Smart and Fault Tolerant Embedded System Aimed at Women’s Safety
Violence Against Women, Embedded Systems, Artificial Intelligence, Artificial Neural Networks, FPGA, Fault Tolerance.
Every year different bureaus and observatories provide studies on the rates of violence against women. This year, with the end of social distancing practices imposed by the Covid-19 pandemic, an increase was observed in all forms of violence suffered by Brazilian women. These data highlight the still unresolved need to think about developing solutions aimed at reduce violence against women.

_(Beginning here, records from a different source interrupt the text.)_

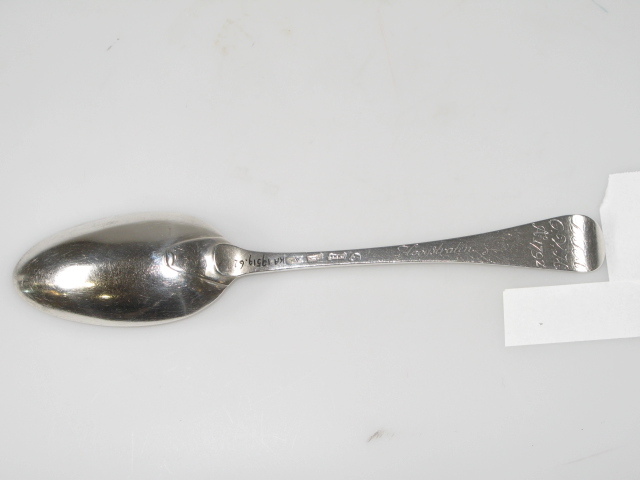 Tafellepel. Steel met middenribbe en omhoog gebogen ronde kop, aan de achterzijde dubbel Amsterdams lof; ovale lepelbak, overwegend puntig. Op onderzijde steel is een monogram gegraveerd met initialen: D.I.A./ O.V.H./, de afkorting van Diaconie Oude Vrouwenhuis, alsmede een naam van diaken of diaconesse en het jaar van aantreden in die functie.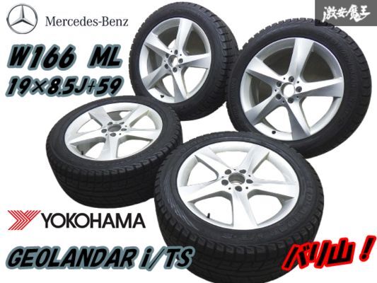 > ●【ベンツ W166 ML 純正 】19インチ 8.5J +59 PCD112 5穴 シルバー 4本+ ヨコハマ GEOLANDAR i/T-S バリ山スタッドレス 225/50R 棚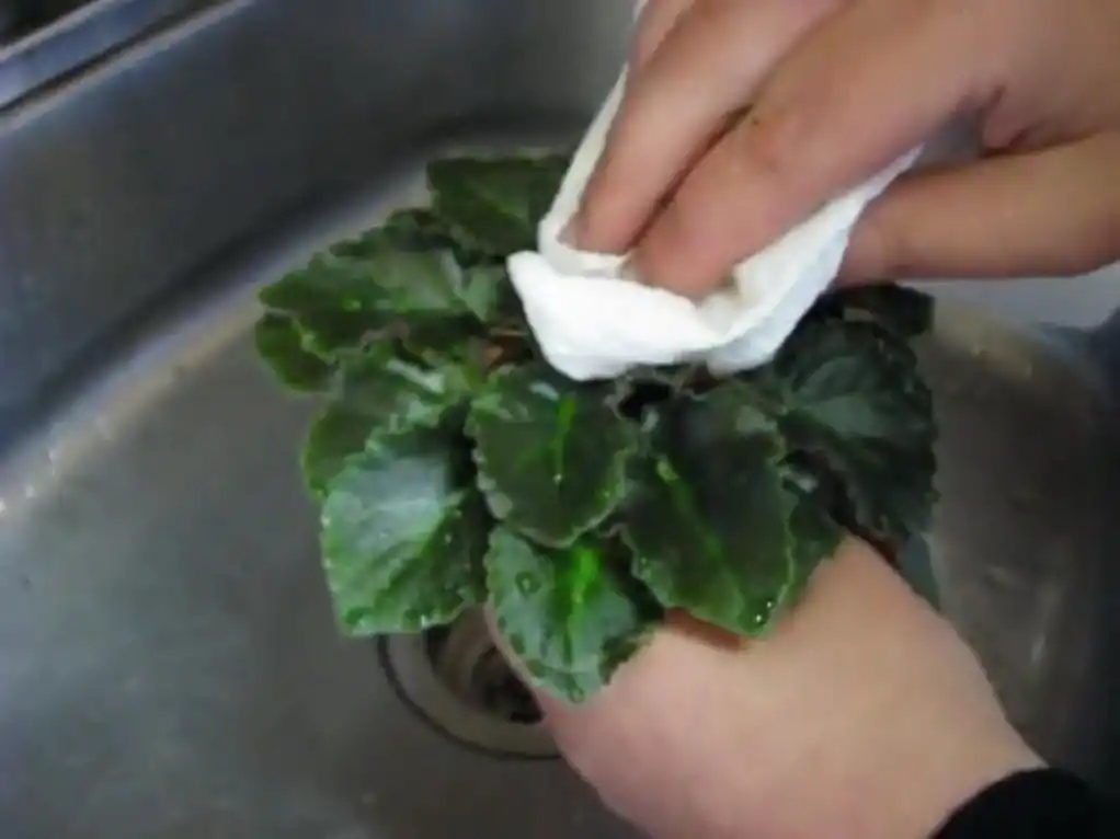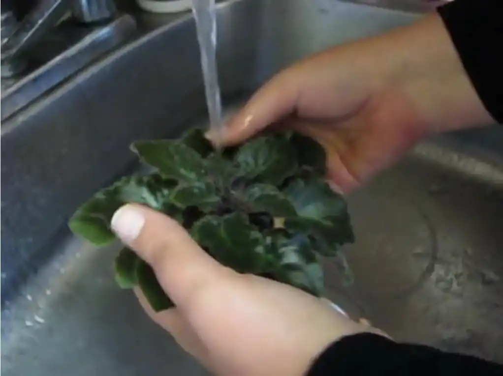 Миє листя фіалок завжди під проточною, теплою водою. Якщо доступу до теплої води немає, то використовують ємності великого об'єму, наповнені водою (заздалегідь готують одну ємність для обмивання, а другу - для ретельного полоскання). Температура води має значення: ні холодна, ні занадто гаряча вода не підійдуть.
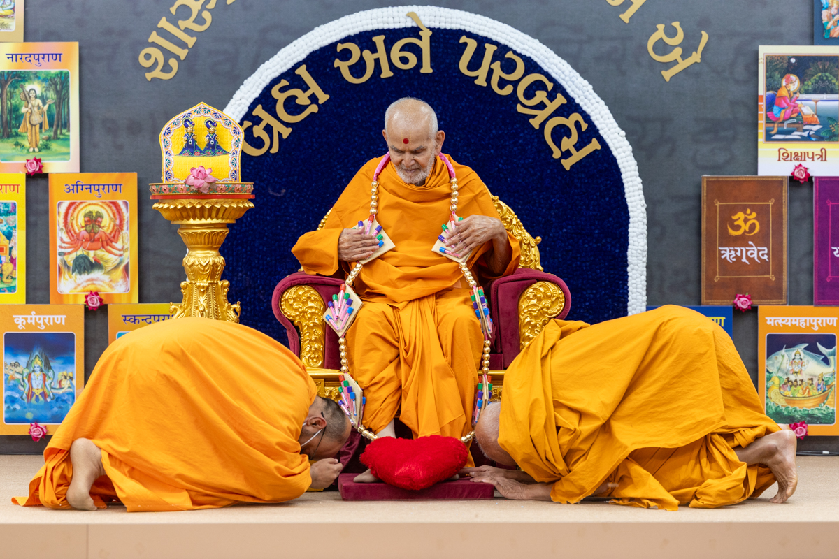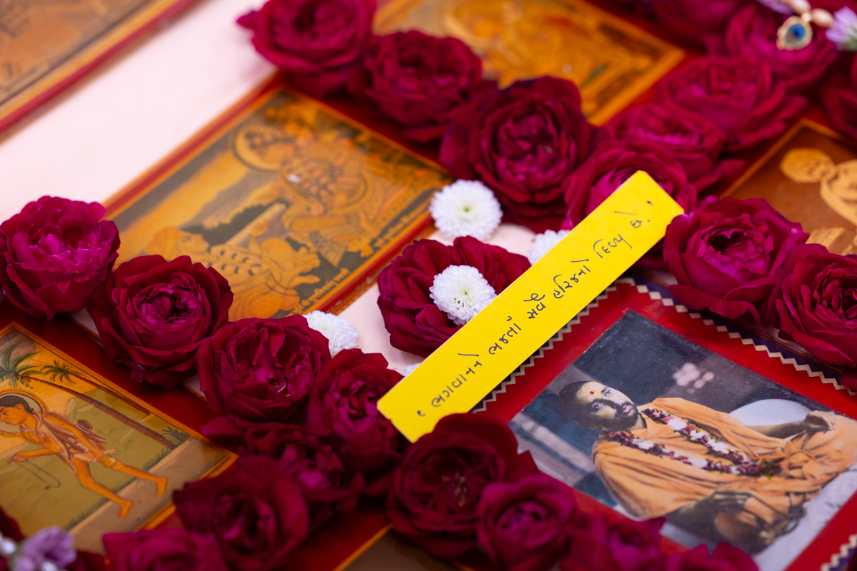 Swamishri places a flower at the feet of Shri Harikrishna Maharaj and Shri Gunatitanand Swami Maharaj

It is in this scenario that Salve Todas is inserted, an embedded system that, through an Artificial Neural Network (ANN), is capable of identifying possible risk situations for its user. Since the Artificial Neural Network plays a critical role in identifying risk situations for the user of the Salve Todas System, it is necessary to analyze techniques aimed at increasing its reliability in order to ensure safety for the user. Therefore, this work proposes the implementation of the ANN model of the Salve Todas System in hardware and the implementation of fault tolerance techniques in the embedded ANN. The purpose of this work includes: working on the weights of the ANN model, searching for values with smaller magnitudes and standard deviations; applying Triple Modular Redundancy in neurons of the input layer; and addition of specific neurons from the ANN hidden layer.